Liz Truss will plunge the economy into an “inflation spiral” if she does not choose between her unfunded £50 billion tax cuts or providing cost-of-living support, her Tory leadership rival has warned.
Rishi Sunak’s campaign said the Foreign Secretary would increase borrowing to “historic and dangerous levels”, and place public finances into “serious jeopardy”, if she attempts both.
The comments came after Ms Truss, the frontrunner to be the next prime minister, signalled she could help firms and households with soaring energy bills with direct support this winter.
She was looking at assistance “across the board” despite in the past insisting she was focused on tax cuts rather than what she termed “giving out handouts”.
A statement from Mr Sunak’s campaign said: “Following weeks of rejecting direct support payments as ‘handouts’, Truss supporters have slowly woken up to the reality of what winter brings.
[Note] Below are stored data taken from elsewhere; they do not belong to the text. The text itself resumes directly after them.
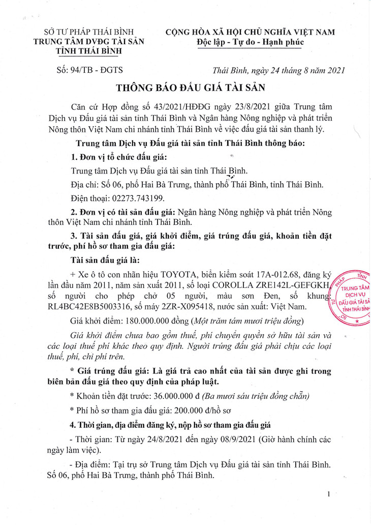 Ngày 10/9/2021, đấu giá xe ô tô Toyota tại tỉnh Thái Bình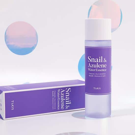 - Esencia acuosa con un 87% de filtrado de baba de caracol y azuleno que previene la pérdida de humedad y restaura el equilibrio hidrolipídico de la piel, mientras la mantiene calmada e hidratada.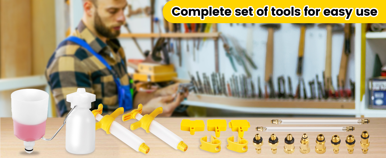 150ML Mineral oil, 1 Pair of gloves, 2 Hook and loop fasteners, Brass connector, 2 Bleed syringe, Transparent funnel.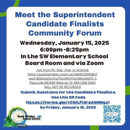 All of the school community is invited to meet the candidates in person or via Zoom at the Community Forum on Wednesday, January 15, from 6:00 to 8:25pm in the South Whidbey Elementary School Board Room, 5380 Maxwelton Road, Langley or via Zoom webinar. Passcode: 967859 Webinar ID: 868 1355 5580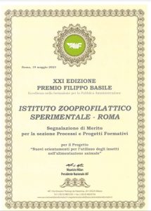 Il Comitato scientifico della XXI^ edizione del Premio Basile per la formazione nella P.A. ha conferito all’ Istituto Zooprofilattico Lazio e Toscana la segnalazione di merito nella sezione “Processi e progetti formativi” per il lavoro “Nuovi orientamenti per l’utilizzo degli insetti nell’alimentazione animale”.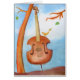 Waterverf illustratie. Op een prachtige dag met een blauwe hemel en witte wolken lijkt een kleine vogel op een cello te praten met een doolblad. Dit is het perfecte cadeau voor niet alleen kinderen, maar ook volwassenen. U kunt het met uw eigen tekst aanpassen.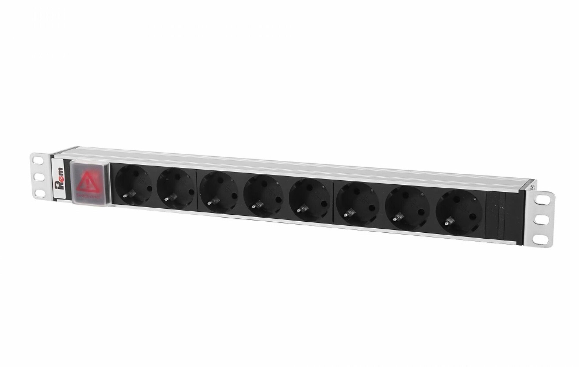 блок силовых розеток Rem-10 19" Shuko х 8 вход IEC 320 C14 1U10А выключатель без шнура ЦМО R-10-8S-V-440-Z

They now say that they will provide people with help – but what help, for who, when and how it will be paid for remains a mystery.
“The reality is that Truss cannot deliver a support package as well as come good on £50 billion worth of unfunded, permanent tax cuts in one go.
“To do so would mean increasing borrowing to historic and dangerous levels, putting the public finances in serious jeopardy and plunging the economy into an inflation spiral.”
The row comes ahead of Ofgem’s announcement on Friday when the regulator is expected to hike the cap on energy bills from £1,971 to around £3,600.
The former chancellor’s team also seized on reports that Ms Truss is not planning to ask the independent Office for Budget Responsibility (OBR) for a forecast ahead of the emergency budget she is planning for next month.
“It’s no wonder they want to avoid independent scrutiny of the OBR in their emergency budget – they know you can’t do both and it’s time they came clean about that now,” Mr Sunak’s campaign said.
Ms Truss’s economic vision and her reported plans for the OBR, which is required to produce two forecasts a year, was coming under increasing attacks from Tory critics.
Lord Griffiths, the Conservative peer who served as Margaret Thatcher’s head of policy, said: “The Bank of England’s devastating outlook for the economy contrasts with Liz’s optimism – for her to now prevent the OBR doing proper analysis of the facts would seem to indicate complete loss of confidence in the policy she is advocating.”
Conservative heavyweight Michael Gove warned in an article for the Times that Ms Truss was on a “holiday from reality” with her plans for tax cuts during an economic crisis as he endorsed Mr Sunak.
Mr Gove, who served as levelling-up secretary until being sacked by Boris Johnson before his resignation as Tory leader, said Ms Truss’s vision puts the “stock options of FTSE 100 executives” before the nation’s poorest.
Business Secretary Kwasi Kwarteng, a close ally of Ms Truss who is tipped to be her chancellor, insisted there would be fresh support this winter as energy bills soar.
“I understand the deep anxiety this is causing. As winter approaches, millions of families will be concerned about how they are going to make ends meet,” he wrote in the Mail+.
“But I want to reassure the British people that help is coming.”
Ms Truss was expressing optimism for the economy, saying there is “too much talk that there’s going to be a recession” as she insisted an economic slump is not inevitable despite the Bank’s forecast.
In an interview with the Sun on Sunday, she said she was looking at help “across the board” in a hint that there could be more support for businesses and households.
So far, she has focused on cutting taxes, such as an immediate reversal of the national insurance hike, while Mr Sunak has focused on trying to bring soaring inflation down.